▼

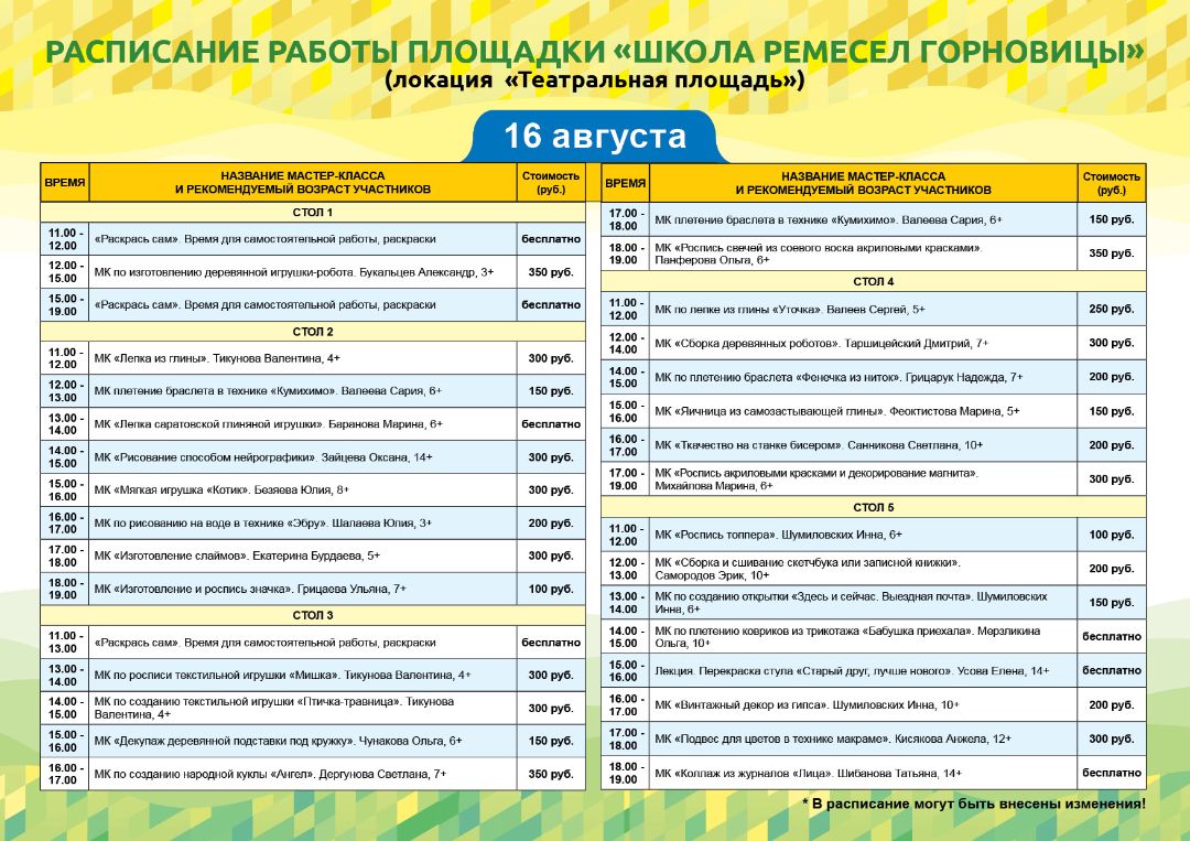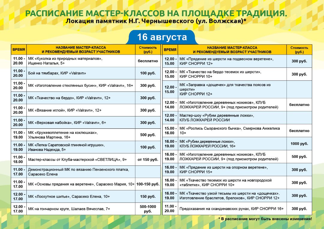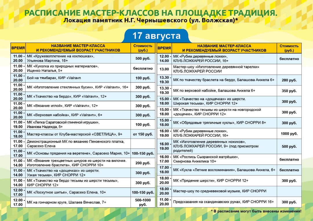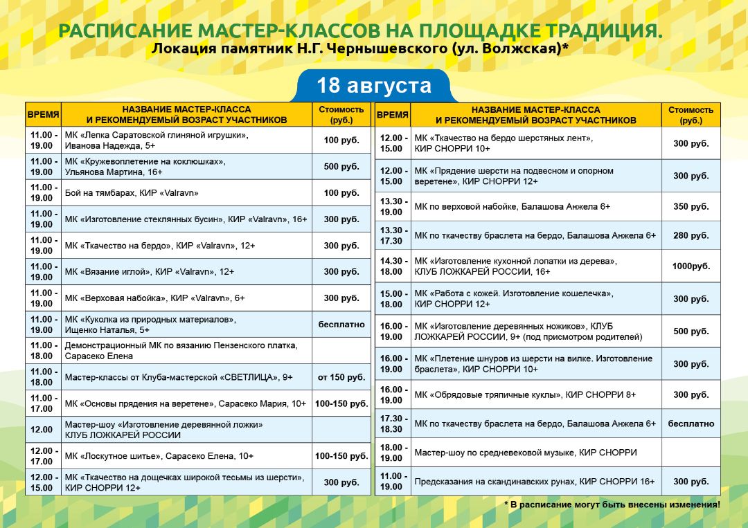 На площадке "Традиция" вы найдете мастеров, которые демонстрируют свои умения и делятся секретами мастерства. Кроме того, на площадке "Традиция" проводятся мастер-классы. Они помогут Вам научиться научиться создавать собственные изделия под руководством опытных мастеров. погрузиться в народную культуру через такие ремёсла как: ложкарное дело, кружевоплетение на коклюшках, ткачество, лаптеплетение, верховая набойка, лоскутное шитьё и многое другое.
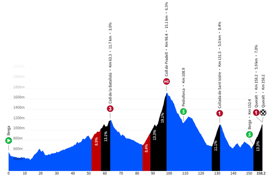两年前,加泰罗尼亚自行车赛也曾设过一个从贝尔加到克拉尔特的赛段。事实证明,那是该届赛事中最具挑战性的山地赛段。塔德伊·波加查在最后30公里发起进攻,单飞夺冠,赢得了他当年四个赛段冠军中的第三个。当时的路线与今年的路线非常相似,但并非完全相同。
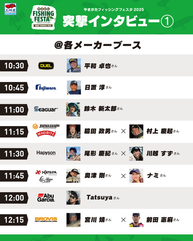 ※上記来場ゲストアングラーは本ページ更新日時時点の情報です。都合により変更を伴う場合がございますので予めご了承下さい。
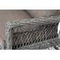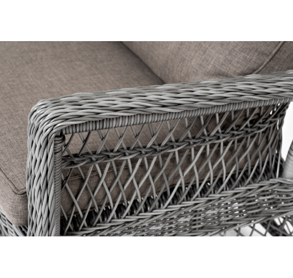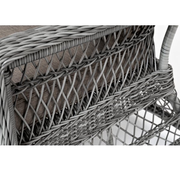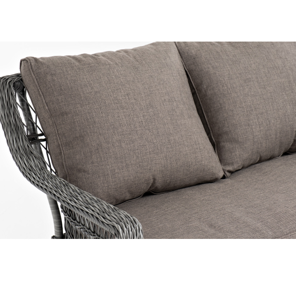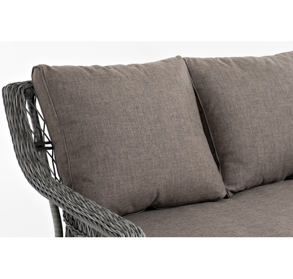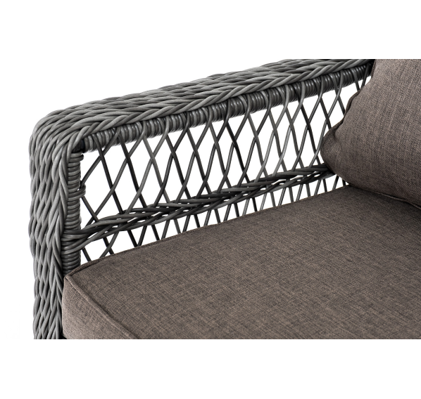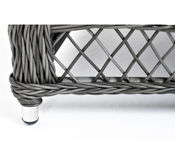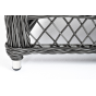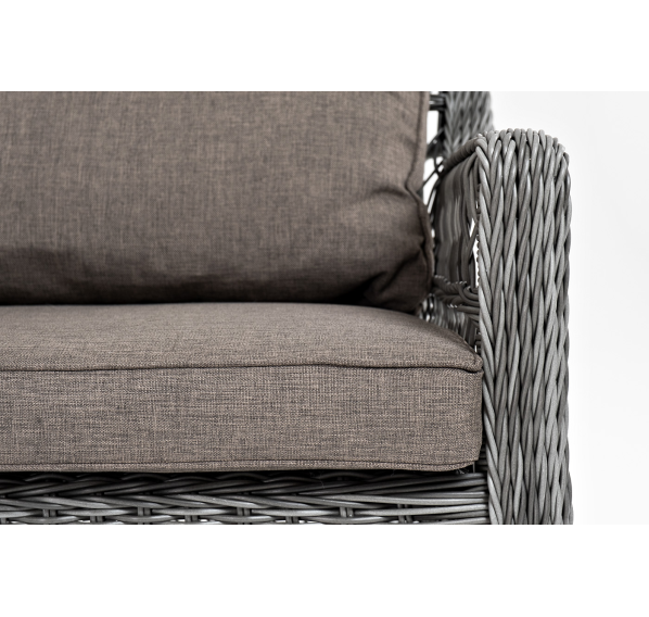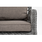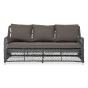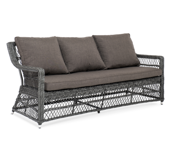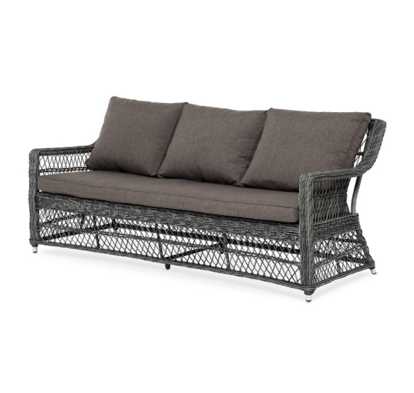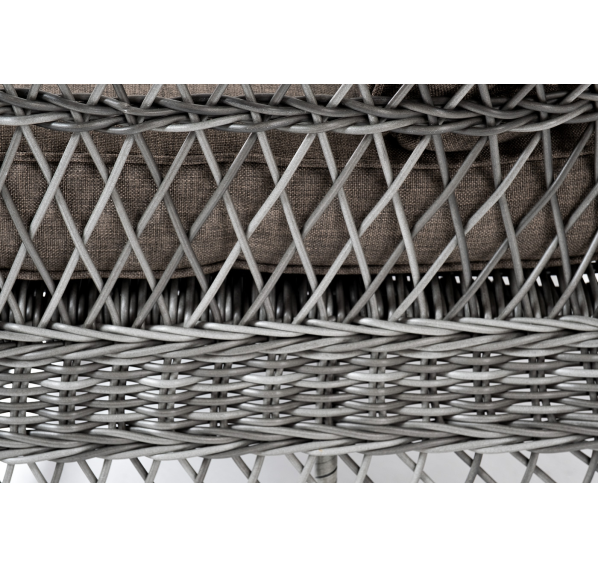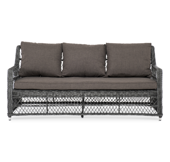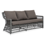 Модель выполнена с помощью ручного круглого плетения из искусственного ротанга. Трехместный диван представлен в графитовом цвете.

▲

What to do
Leave every image out when you return the material above word for word.

Exercise response
 На площадке "Традиция" вы найдете мастеров, которые демонстрируют свои умения и делятся секретами мастерства. Кроме того, на площадке "Традиция" проводятся мастер-классы. Они помогут Вам научиться научиться создавать собственные изделия под руководством опытных мастеров. погрузиться в народную культуру через такие ремёсла как: ложкарное дело, кружевоплетение на коклюшках, ткачество, лаптеплетение, верховая набойка, лоскутное шитьё и многое другое.
两年前,加泰罗尼亚自行车赛也曾设过一个从贝尔加到克拉尔特的赛段。事实证明,那是该届赛事中最具挑战性的山地赛段。塔德伊·波加查在最后30公里发起进攻,单飞夺冠,赢得了他当年四个赛段冠军中的第三个。当时的路线与今年的路线非常相似,但并非完全相同。
 ※上記来場ゲストアングラーは本ページ更新日時時点の情報です。都合により変更を伴う場合がございますので予めご了承下さい。
 Модель выполнена с помощью ручного круглого плетения из искусственного ротанга. Трехместный диван представлен в графитовом цвете.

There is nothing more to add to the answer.